To celebrate the International Women's Day (IWD),  we took World Pulse to Katchuan Irruan, a thickly populated community in Boki, where we have many women living with the HIV. Many of them are still dying in silence and do not yet know that there exist now, a law fighting stigma in all its ramifications. We used the International Women's Day Celebration as an entry point to get them integrated into the information-rich circle of the World Pulse. 



Cecilia makes them feel comfortable with me in their midst, when she tells them how long we have been friends, sharing secrets and everything life can offer. She tells them that we have been friends for over 40 years and we have never quarrelled. None of us have ever leaked our secrets and as such, I was the only person she trusted and revealed her status, apart from her Church Leader. She goes deep into telling them how I have linked her to areas that opened her understanding on how to live positively. She gives me the opportunity to speak with them and by the time I round up my talk about what other women are doing across the globe in the World Pulse Sisterhood arrangements, all of them would feel relaxed, excited and willing to speak out. They impressively begin to indicate intetest to join our Group and get engaged in the "Empowerment Walk" that I initiated, to take, "One Woman, One Girl At A Time.

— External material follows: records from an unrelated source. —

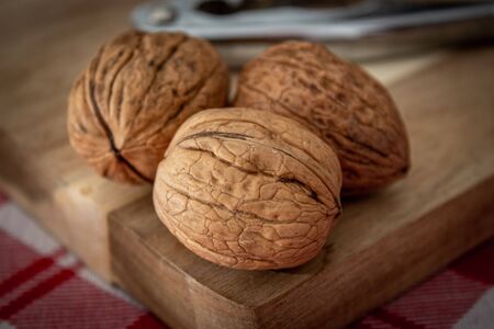 Whole walnuts and nutcracker background. Close up, top view. Harvest concept
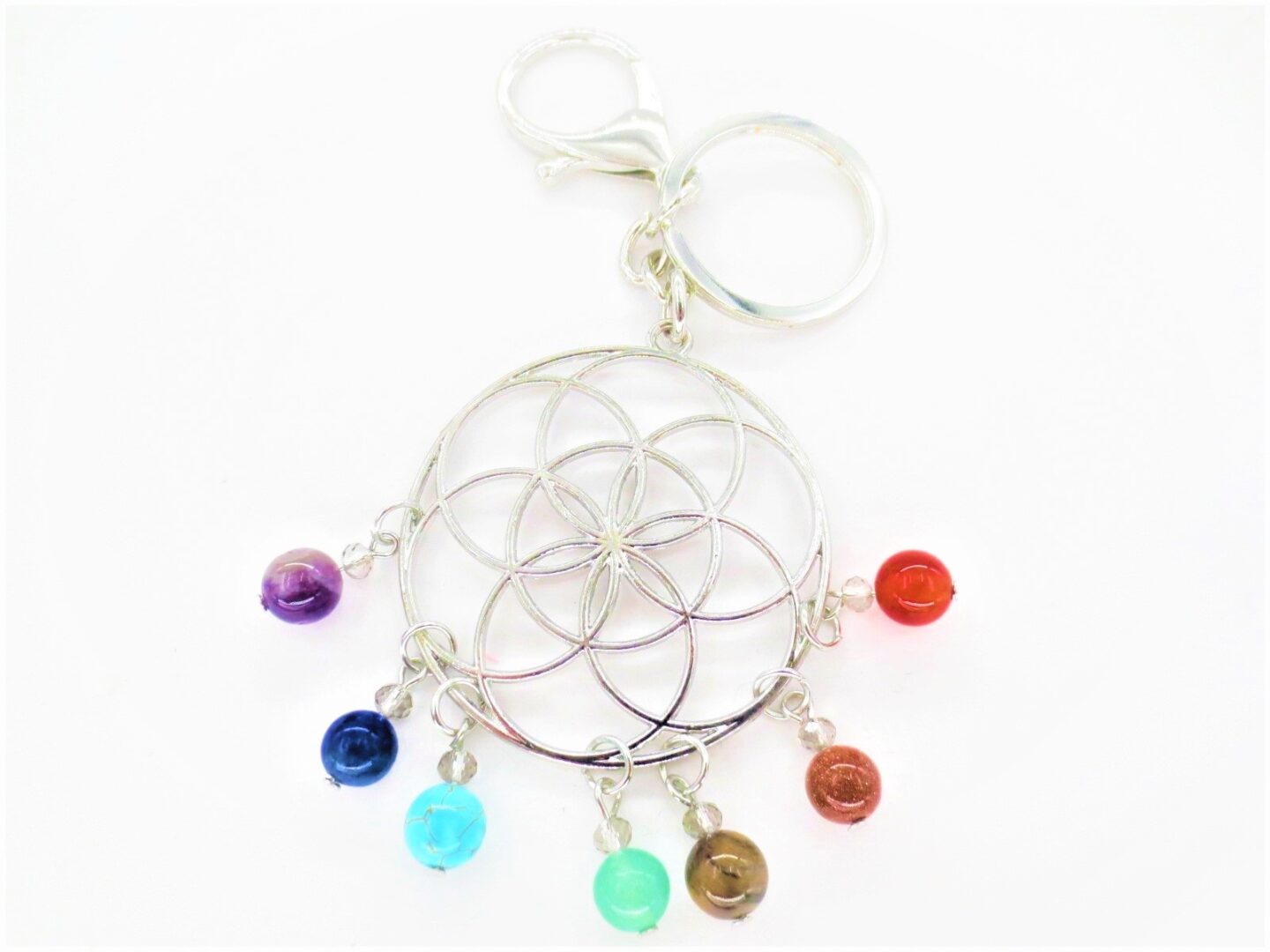 Flower of life key ring with mixed gems, made of stainless steel.Comes in a package with card and description and meaning of the flower of life.
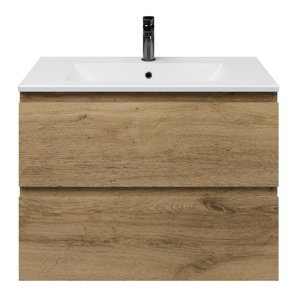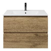 Greeploos badkamermeubel in de kleur eiken warm is 80 cm breed. De wastafel is vervaardig in keramiek en heeft de kleur wit mat keramiek. Dit badkamermeubel met deze wastafel is leverbaar tussen de 60 cm t/m 120 cm
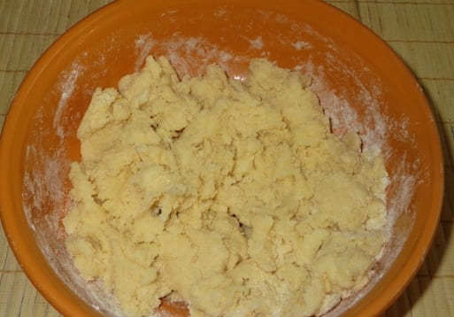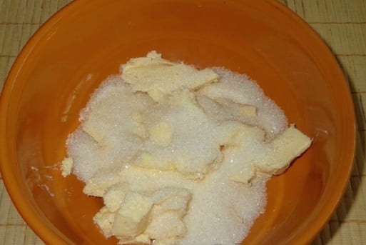 - We verspreiden een pakje boter en laten het ingrediënt een beetje zacht worden. Combineer het dan met bloem, suiker, zout en bakpoeder. Kneed het deeg met je handen tot je een fijne, homogene kruimel krijgt.
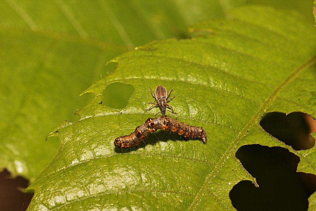 Un Curculionidae che fissa un bruco .... ma non sono soli!

It could be recalled that the last year international women's day, my Empowerment Walk began with empowering Madam Martina Ejah, a poor Widow that I empowered with the locust beans that she sells and keeps her profit. So far, three women in the community of Esekwe Irruan, where Martina Ejah resides, have also benefited from our programs and have started their small business of selling the locust beans. The idea behind the locust beans business is to boost the economic status of women and also enrich household nutrition. 



My friend, Cecilia was with me at the Benning of my Employment Walk and she is still with me.



We have increased the number of women willing to speak out for themselves and be heard globally.



We have plans to include the women living positively in the Empowerment Walk, where they would be empowered with "Nutrition Baskets" to be eaten as local delicacies and and sold to start their self-help businesses that would attract investors to the local markets. 



When we all meet as Grassroots Women Journalists in Nigeria (GWJiN) the issue of who is HIV positive and who is not, would not arise, as we would be working as a wonderful family of the World Pulse, where sisters act as one, loving eachther, needing eachother. I remain grace to the World Pulse sisters for giving me/us hope in life and to the men who stood by us all through the programme, as we led them to Balance for Better.